Adapter parameters provide a mechanism to modify the behavior of machine learning models and have gained significant popularity in the context of large language models (LLMs) and generative AI. These parameters can be merged to support multiple tasks via a process known as task merging. However, prior work on merging in LLMs, particularly in natural language processing, has been limited to scenarios where each test example addresses only a single task. In this paper, we focus on on-device settings and study the problem of text-based compositional multi-tasking, where each test example involves the simultaneous execution of multiple tasks. For instance, generating a translated summary of a long text requires solving both translation and summarization tasks concurrently. To facilitate research in this setting, we propose a benchmark comprising four practically relevant compositional tasks. We also present an efficient method (Learnable Calibration) tailored for on-device applications, where computational resources are limited, emphasizing the need for solutions that are both resource-efficient and high-performing. Our contributions lay the groundwork for advancing the capabilities of LLMs in real-world multi-tasking scenarios, expanding their applicability to complex, resource-constrained use cases.

Paper Structure

This paper contains 23 sections, 7 equations, 17 figures, 8 tables.

Figures (17)

  • Figure 1: Compositional multi-tasking involves performing multiple tasks simultaneously, such as summarization and translation. The challenge lies in executing all tasks jointly within a single inference pass for optimal efficiency, rather than performing them separately through multiple inferences.

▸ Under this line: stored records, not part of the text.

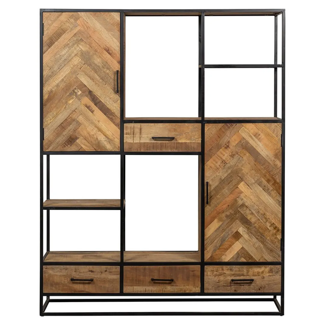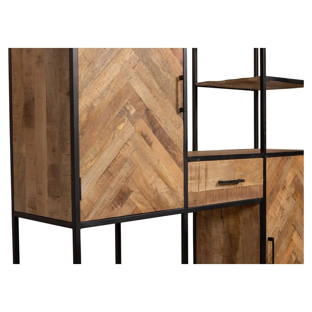 Deze veelzijdige vakkenkast New Haven XXL heeft onwijs veel opberg- en decoratiemogelijkheden. Door de twee grote deurtjes en de vier lades, kun je veel spullen opbergen welke niet in het zicht hoeven te staan. Daarnaast dienen de open vakken perfect als ruimte voor decoraties. Door de combinatie van het visgraat motief met het warme mangohout heeft deze kast een stoere en toch chique uitstraling.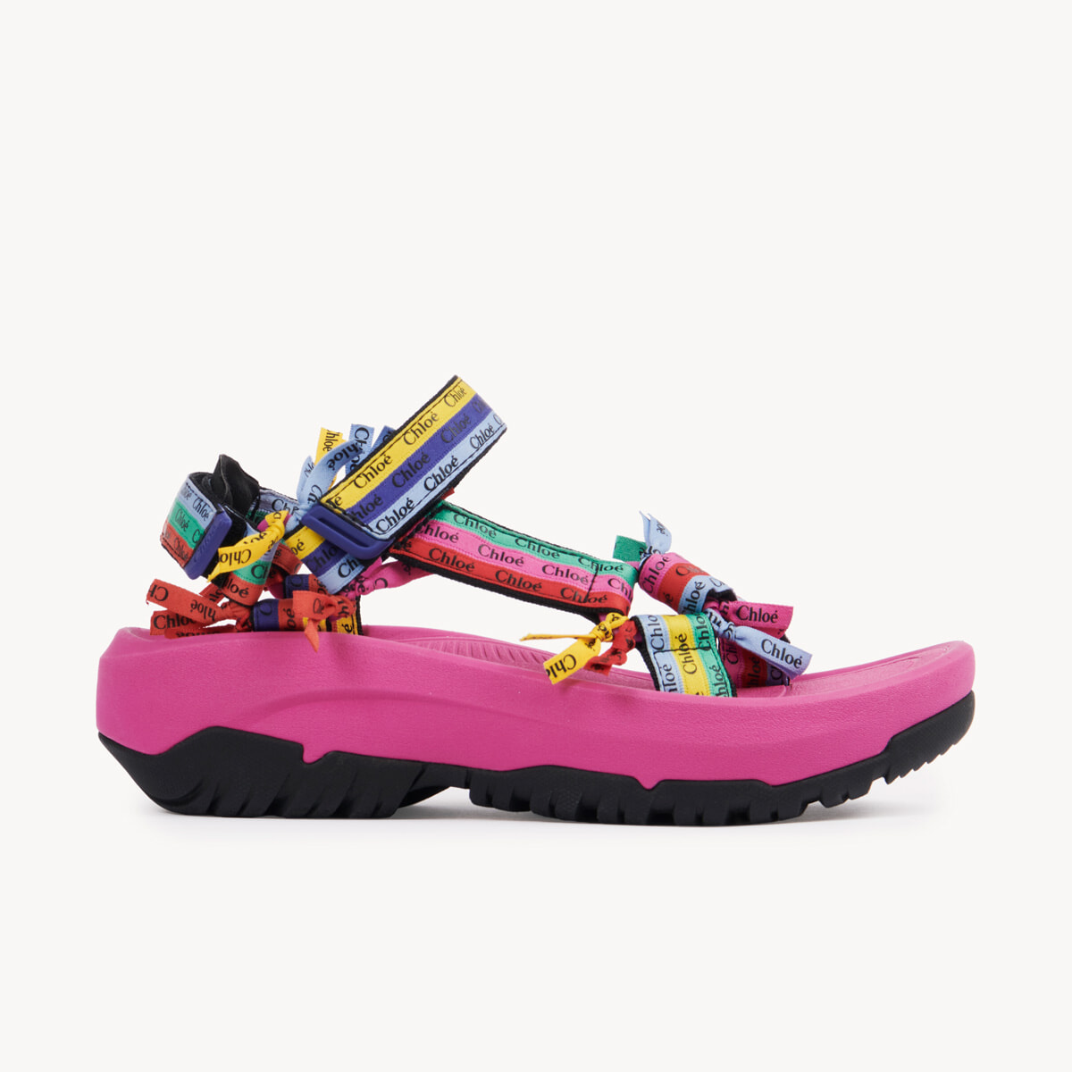 テバの代表的なスポーティサンダルを、クロエのロゴを満載したカラフルなリサイクルポリエステルのストラップで再解釈したコラボサンダル。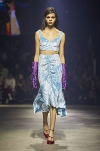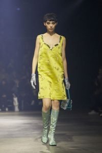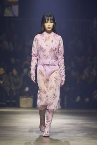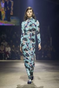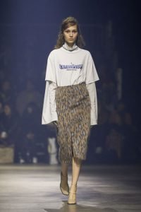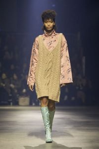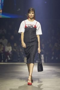 كذلك، تمّ تنسيق بناطيل الحمولة (cargo pants) من التويد، معاطف من الصوف السميك (pea coats) وفساتين من دون أكتاف وأكمام (bustier dresses) مع قمصان تي – شيرت من كانفاس قطني مغسول مع طبعة “بوستر فيلم”، فساتين وسراويل قصيرة (culottes).
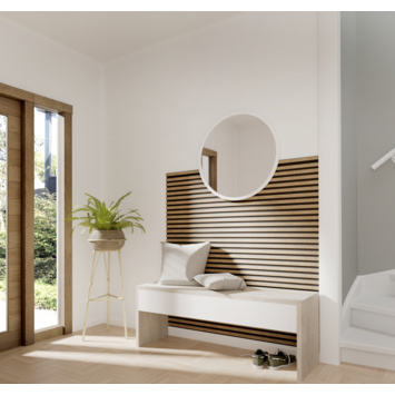 Met de CanDo green Decowall Acoustic creëer je snel en makkelijk een warme sfeer in huis. Door de achterzijde van vilt werkt de lattenwand bovendien geluidsabsorberend, waardoor de akoestiek in de ruimte verbetert. Het vilt is gemaakt van recyclede PET-flessen. Het hout is PEFC gecertificeerd en daarmee afkomstig uit duurzaam beheerde bossen. De panelen zijn kamerhoog (260 cm) en door het lichte gewicht makkelijk te vervoeren en hanteren. Ook het monteren is heel eenvoudig: de lattenwand kan op de muur gelijmd of geschroefd worden. Eén paneel is goed voor 30cm wand. Verpakt per 2 panelen. De MDF ommantelde lattenwanden zijn verkrijgbaar in verschillende decoren. Ook zijn eindprofielen beschikbaar om het product mooi af te werken. De eindprofielen zijn, net al de wandpanelen zelf, zowel horizontaal als verticaal te gebruiken.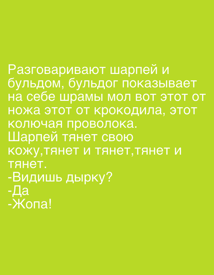 The image contains text in Russian on a green background. The text is a joke involving a Sharpei and a Bulldog. The Bulldog shows off his scars from a knife, crocodile, and barbed wire. The Sharpei stretches his skin and asks if the Bulldog sees a hole. The Bulldog says yes and the Sharpei replies "Ass!".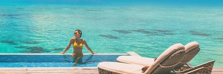 Vacation panoramic of luxury resort woman relaxing in infinity swimming pool of private hotel room overwater villa banner. Bikini tourist sunbathing in bikini.
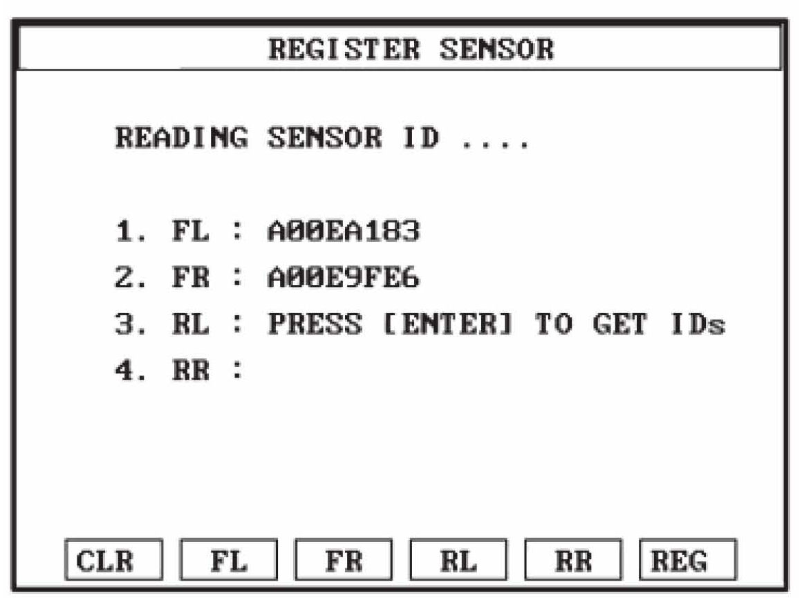 2. Read the four sensor's IDs starting with sensor 14. Register the four sensor's IDs to the receiver.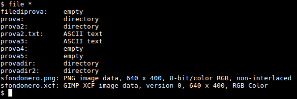 Il comando file consente di analizzare più files contemporaneamente. Basta digitare il comando seguito dal simbolo jolly * ( asterisco ).

  • Figure 2: Overview of the four compositional tasks in our benchmark. The tasks include three translation settings (English to Spanish, French, and German) and four tone variations (professional, casual, witty, and neutral paraphrase), leading to fourteen sub-tasks overall.

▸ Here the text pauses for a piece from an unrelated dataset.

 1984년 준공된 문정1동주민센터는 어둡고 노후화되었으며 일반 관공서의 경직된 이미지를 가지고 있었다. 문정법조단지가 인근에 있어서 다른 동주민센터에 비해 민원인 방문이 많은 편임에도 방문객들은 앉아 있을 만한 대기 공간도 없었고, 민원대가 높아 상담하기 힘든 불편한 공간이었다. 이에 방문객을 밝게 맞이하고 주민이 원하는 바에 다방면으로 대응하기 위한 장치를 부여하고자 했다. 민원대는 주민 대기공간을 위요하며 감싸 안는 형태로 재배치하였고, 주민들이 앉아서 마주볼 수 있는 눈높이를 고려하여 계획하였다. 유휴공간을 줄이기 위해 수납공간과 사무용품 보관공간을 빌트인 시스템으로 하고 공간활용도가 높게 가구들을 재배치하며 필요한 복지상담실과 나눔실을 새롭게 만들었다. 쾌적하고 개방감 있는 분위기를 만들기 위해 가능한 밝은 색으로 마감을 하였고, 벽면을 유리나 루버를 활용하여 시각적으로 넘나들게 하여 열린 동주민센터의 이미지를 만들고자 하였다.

  • Figure 3: LoRA weight update matrices differ across tasks, so sharing additional parameters $P$ is likely to be suboptimal.

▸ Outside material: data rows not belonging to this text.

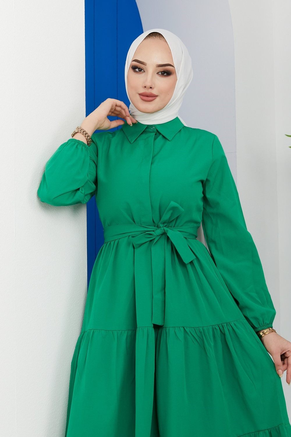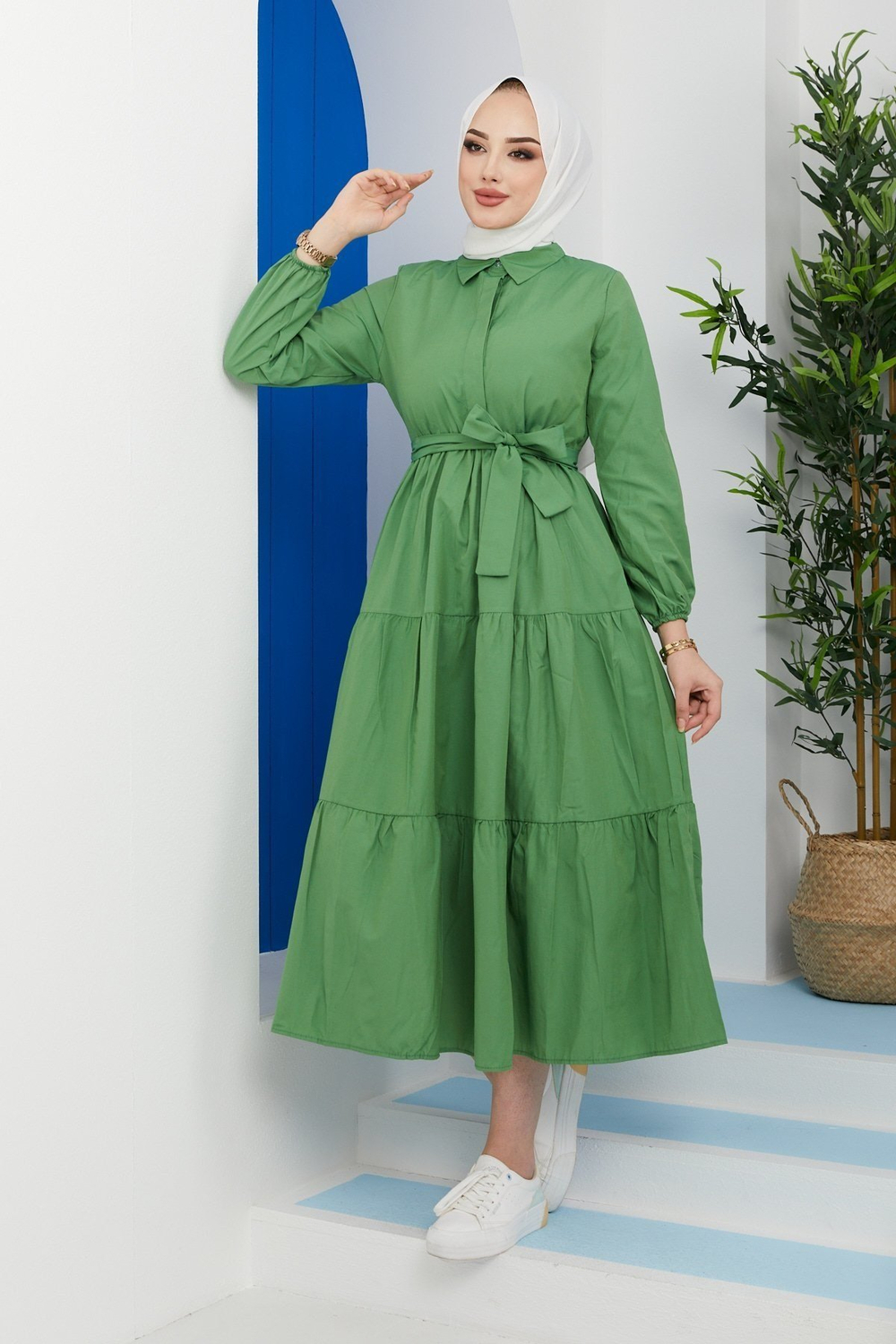 Kat Kat Poplin Gömlek Elbise Yeşil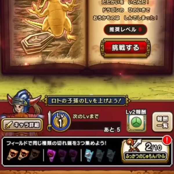 「切れ端」は、通常/強/メタルの全部で3種類あります。ロトの子孫のレベルに応じてモンスターが決まるため、すぐに消化してレベルを上げた方がいいです。
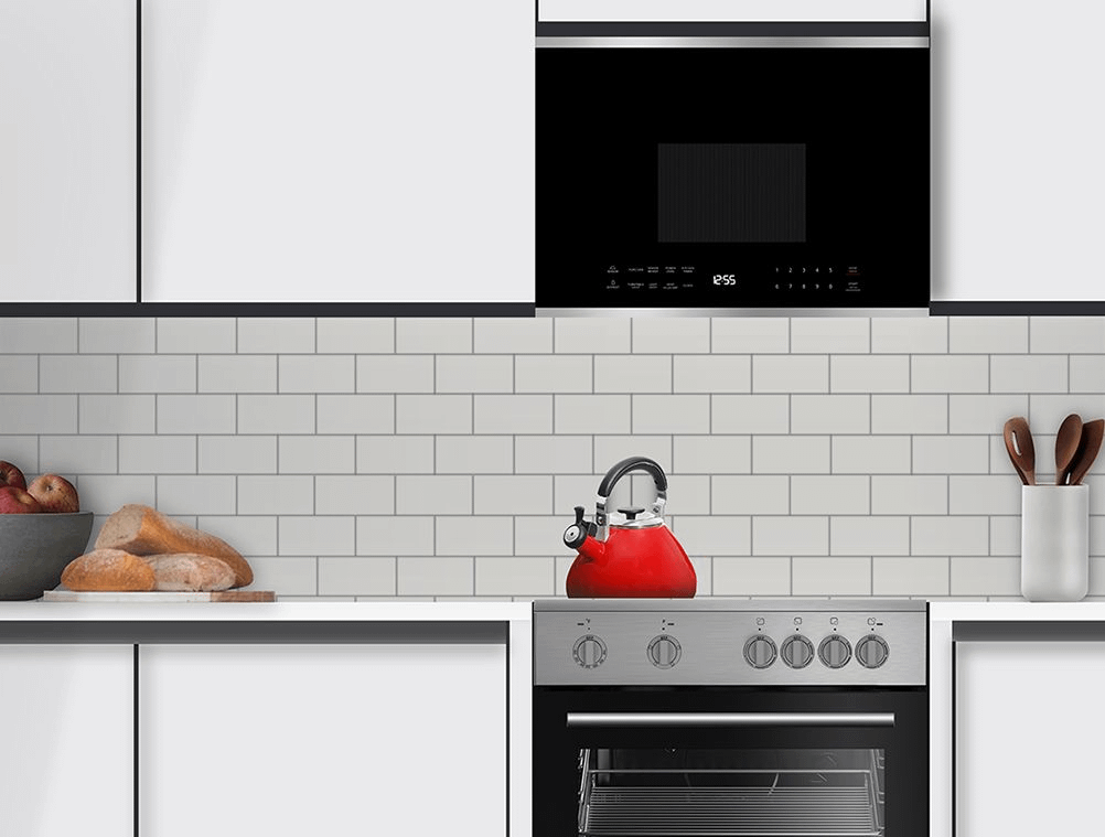 This elegant space saving appliance is both an efficient, fully featured microwave oven and kitchen ventilation system capable of either recirculation for installations where venting outside is not possible, or ducted operating from either the top or rear of the unit.

  • Figure 4: Our Learnable Calibration. We add a small number of calibration parameters to correct the initial merged LoRAs. Variation #1 uses a calibration vector of biases, while Variation #2 (++) uses two calibration low-rank matrices.
  • Figure 5: Changes in the update matrix. Learnable Calibration makes the overall LoRA update matrix significantly more diverse to handle additional tasks. The weight norms also increase substantially across different components, reflecting the added complexity required for compositional multi-tasking.